Black and white thinking is a cognitive bias that distorts thinking. It happens when you go in your thinking directly to the extremes without seeing the grey areas. 

9 Confirmation Bias

Confirmation bias happens when you accept and seek information only to confirm your prior beliefs.

10 Availability Bias

Availability bias happens when you base your opinions on recently acquired knowledge or information.

11 Authority Bias

Believing the opinions of someone only because they have authority is authority bias.

12 Straw Man

Making the other person’s argument weak by refuting a similar argument that was not actually advanced by that person.

13 Ad Hominem

Attacking the other person’s character, personality, or occupation instead of their argument.

14 Appeal to Emotion

Instead of arguing using logic, you try to appeal to emotions like fear and anger. Some politicians like to use this one a lot.

15 Slippery Slope

The slippery slope is essentially jumping to conclusions without having data that supports that. In other words, the slippery slope happens when you say that something will cause another thing without explaining the link of causality.

16 Bandwagon

The bandwagon bias happens when you appeal to the popularity of something even though it might not be good or correct. Just because everyone believes something, that doesn’t make it true. For example, people used to believe that Earth is the center of the universe. Apparently, it’s not.  

17 Imposter Syndrome

High achieving people tend to believe that they are frauds because they cannot internalize what they have achieved. Thus, they fear being exposed as imposters. 

18 Dunning-Kruger Effect

The Dunning-Kruger Effect is the opposite of the imposter syndrome, whereby unskilled people believe they are very talented and good at what they’re doing, while the fact is they are actually average or worse.

19 Spacing Effect

Learning is more efficient when spread over time, as opposed to trying to learn everything in one session.

20 Butterfly Effect

The butterfly effect essentially tells us that initial small variables have big effects over time. The flip of a butterfly can cause a hurricane two years from now.

21 The Placebo Effect

In medicine, the placebo is a treatment that does nothing essentially, but it can make people feel better because they believe that that medicine will cure them. The fact is that it’s only psychological relief. It could be seen as a form of faith healing.

22 Loss Aversion

People prefer to avoid losses more than they want to have gained.

23 Meme

A meme is the smallest cultural unit or behavioral system that duplicates itself by passing from one individual’s mind to another’s through imitation. The root of the word is derived from ‘gene.’  

24 The Law of Entropy  

The Second Law of Thermodynamics states that all complex systems are headed to a state of disorder and decay. The opposite is negative entropy. The process of life can be described as negative entropy.

25 Murphy’s Law

 Sooner or later, everything that you suspect will go wrong will do so. It’s a scary law!
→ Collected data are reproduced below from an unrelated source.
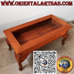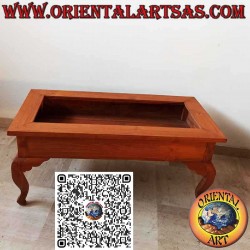 Rectangular low display table handcrafted in solid teak wood, featuring elegant Louis XIV-style legs and an opening 4 mm glass top (included). A unique piece sourced from Indonesia, this table is ideal for showcasing collectibles, decor, or precious items.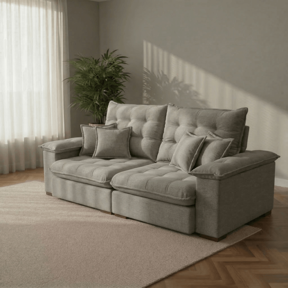 • Almofadas Decorativas Inclusas: 4 unidades que complementam o design e proporcionam versatilidade na composição do ambiente.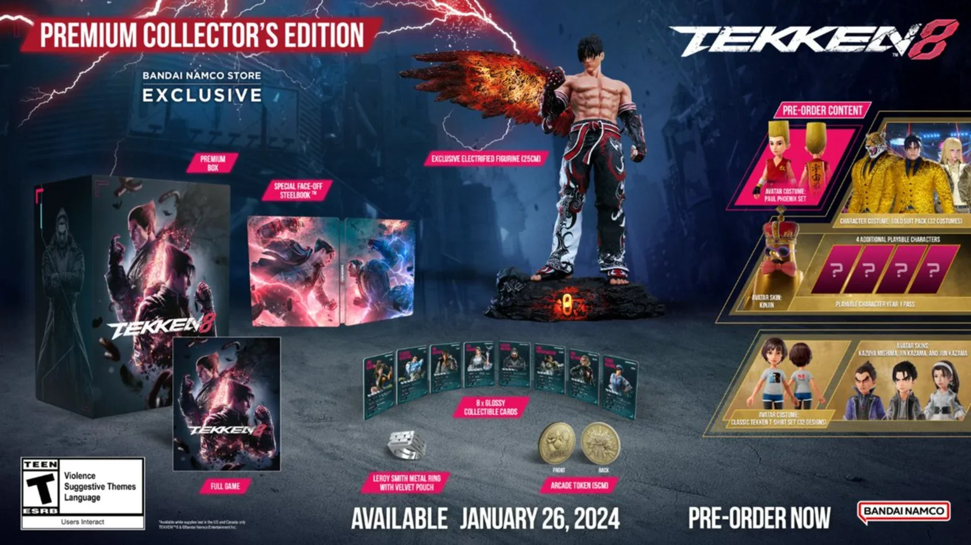 The Premium Collector's Edition Includes: • TEKKEN 8 • Playable Character Year 1 Pass • Character Costume: Gold Suit Pack • Avatar Costume (x32) • Avatar-Skins (x3) • Burning chain metal plate • Corporation stickers • Premium Box • Special Face-Off Steelbook • Glossy Collectible Cards (x8) • Leroy Smith Metal Ring with Velvet Pouch • Arcade Token • Exclusive Jin Electrified Figurine (25cm)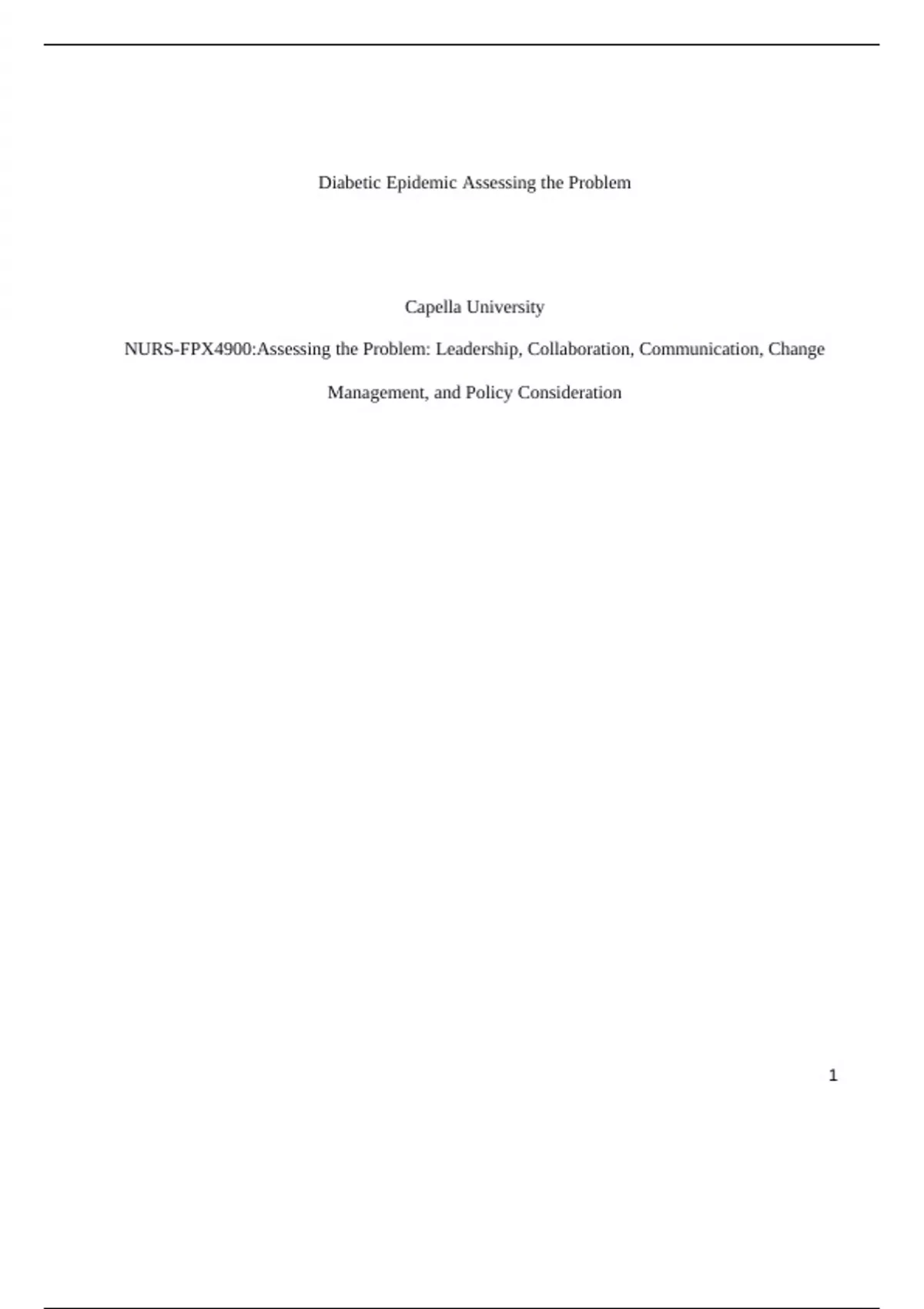 Summary Diabetic Epidemic Assessing the Problem Capella University NURS-FPX4900:Assessing the Pro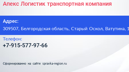Апекс-Логистик, транспортная компания по адресу 309507, Белгородская область, Старый Оскол, Ватутина, 1 в дальнейшем Организация, размещена в следующих категориях: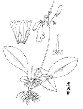 岩莴苣属多年生草本。根状茎长0.8-3cm。叶均基生;叶柄长2-9cm,无毛或有疏短毛;叶片革质,狭倒卵形、倒卵形或椭圆形,长1-10cm,宽1-6cm,先端圆钝,基部楔形,边缘具波状牙齿或小牙齿,两面无毛,叶脉不明显。聚伞花序2次分枝,每花序具1-4花;花序梗长8-17cm,无毛或被疏柔毛;苞片小,条形;花萼5深裂,裂片披针形;花冠蓝紫色,漏斗形,一侧膨胀,长约5cm,外面疏被短柔毛或无毛,内面具紫褐、黄色斑纹,檐部二唇形,上唇2裂,下唇3裂;能育雄蕊4,花药成对连着,花丝疏被腺状短柔毛;花盘环状,边缘波状;子房狭长圆形,长约1.2cm,花柱长1.5-2mm,柱头2,长圆形。蒴果倒披针形,长3.4-7cm。种子小,多数。花期10月,果期1月。 |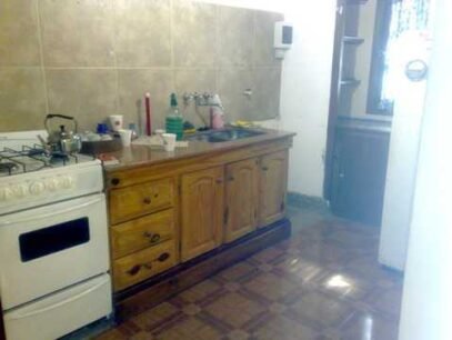 Casa de buena construcción con paredes tradicionales, aberturas de madera, techo de hormigón armado y tejas.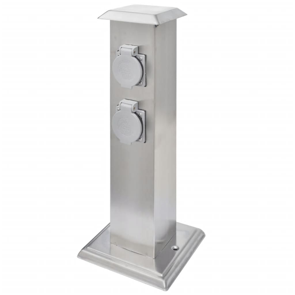 - Material: carcaça de aço inoxidável + tomadas de plástico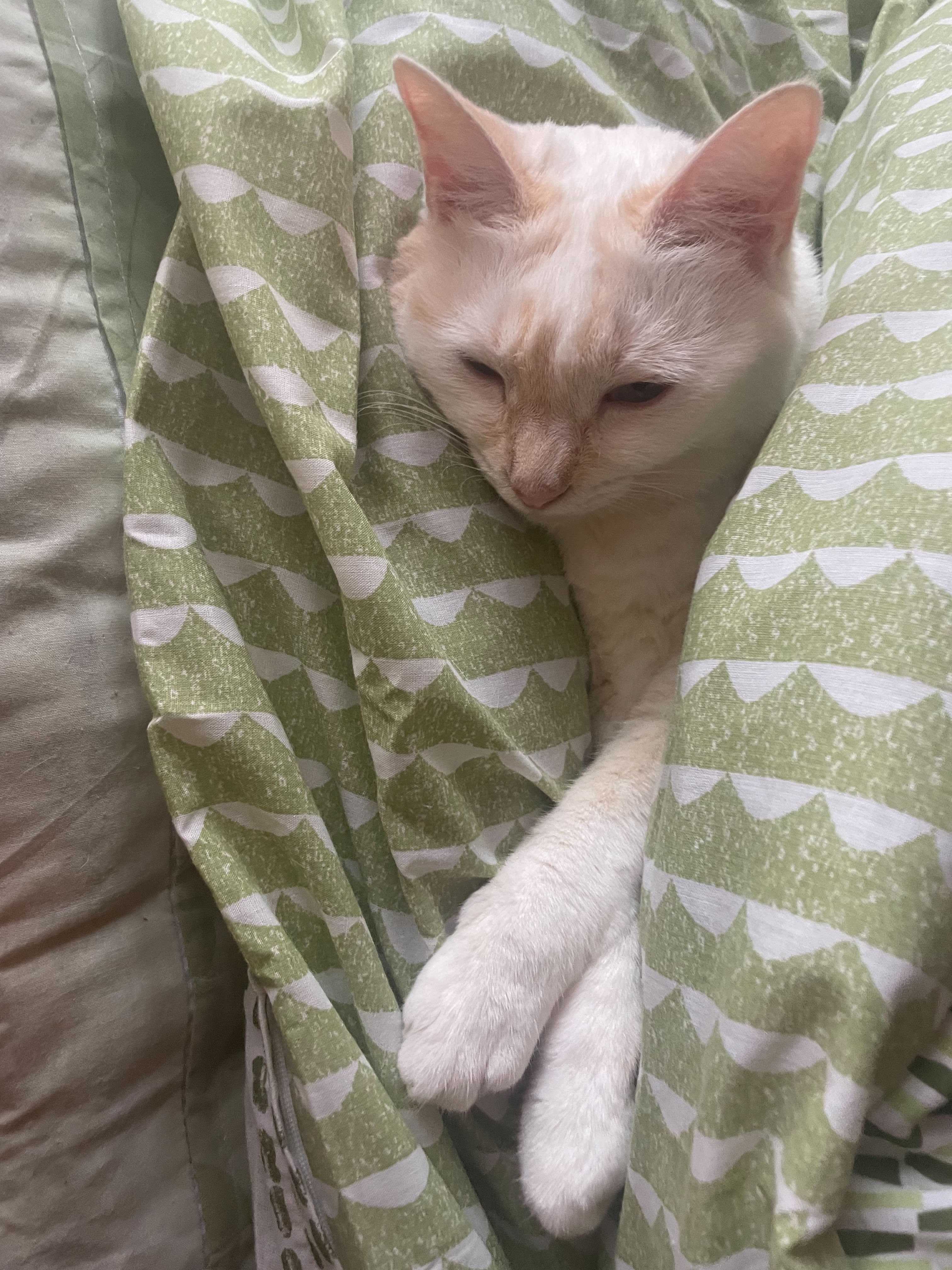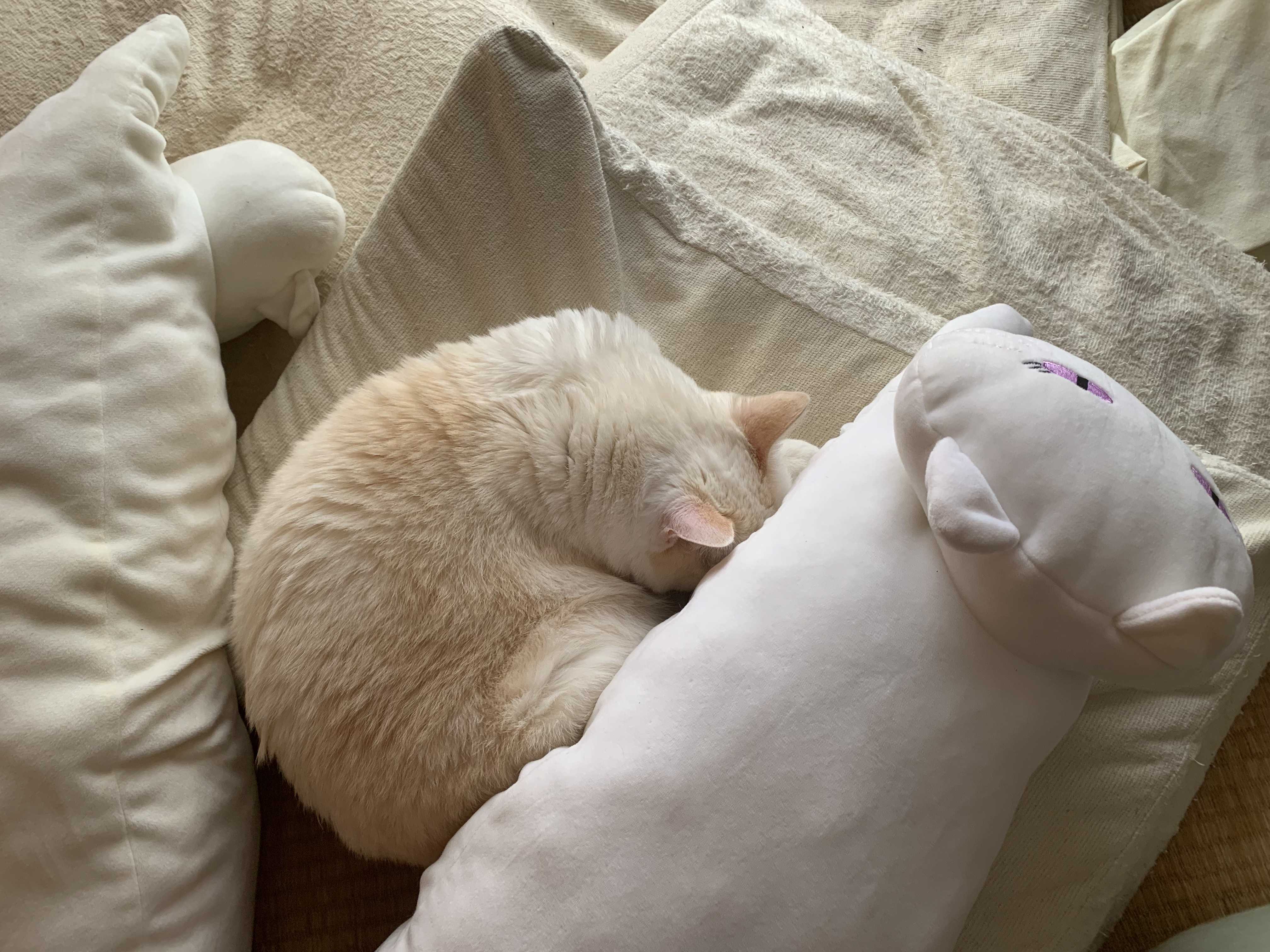やだ、かわいい😍ほんと、可愛い😍クッション各種積み上げて、みこたんベッド作ってます❤️満足そうでよかった。みこたん見てたら、ぺるちゃんを思い出しました。大きくて暴れん坊で、でも人懐こくて、本当に可愛かったぺるちゃん。1ヶ月間ほとんどお水しか飲まなくなって、ずっと部屋の隅に隠れるように寝てて、獣医さんには「もう腎臓が悪くなってるし、点滴でしばらく繋ぐことはできるけど、どうする?」と聞かれ、毎日の通院も提案されましたが、病院までの移動と診察も本当に怖がって、元気だった頃でも、予防接種に行こうものなら3日くらい何も食べずに家の中を匍匐前進する子だったので、このおそらくは最期の時間を怯えさせたくない、と皆で苦渋の決断をしました。家で見取ります、と言ったら、先生は「そう。じゃあね、ぺる、バイバイ」と囁きました。そして数日後、ぺるちゃんが心配で家に帰っていた息子に見守られて、天国に旅立ちました。『ゴールデンカムイ』的に考えれば、きっとぺるちゃんが「この世は良いところだった。だから、お前も行ってこい」と、そっくりの上位互換である(失礼)みこたんを連れてきてくれたんでしょうね。お利口で優しくて、本気で人を噛まない、引っかかない、出来れば女の子がいいな、と、その通りのみこたんです。ぺるちゃんは人懐こかったけど、とにかくよく噛んで引っ掻き、私、傷だらけだったので。唯一、ぺるちゃんは抱っこが大好きでグイグイ頭を押し付けてくるのが可愛かったのですが、みこたんは抱っこ大嫌い。両腕突っ張って拒否してきます。ビチビチ暴れて、逃げてしまいます。ここが皆の不満。でもねー、とにかくお利口で良い子だよね〜、と今日も一日、皆で愛でました。みこたん、最高😀またいつかきっと、みこたんを見送る日が来るのでしょうね。私たち、いくつになってるんだろう。ご近所のネコの会の同志の皆様も、「後期高齢者になってから、ネコを見送るのは辛いよね」といいます。その時に孫がいたら、気が紛れるわよ、という人もいます。まあ、その時はその時。「2人で泣こうぜ」という夫と、なんとか乗り切っていくしかないのでしょう…孫はいないけど、みこたんモデルのみコンコンがいた❣️定年間近の夫、老後は「日本百名山とみコンコン」だの「四国八十八ヶ所巡礼みコンコン」だの提案してきます…やだ、私、絶対歩かないから!

26 Maslow’s Hierarchy of Needs

Introduced by Abraham Maslow, the hierarchy of needs is a pyramid of needs that motivate people. These are the needs, ordered from base to top, (1) physiological, (2) safety, (3) love/belonging, (4) self-esteem, and (5) self-actualization.

Once a person satisfies a need, they will seek to climb the hierarchy to the next level. When you fail to satisfy the first four levels, you may suffer from a psychological crisis.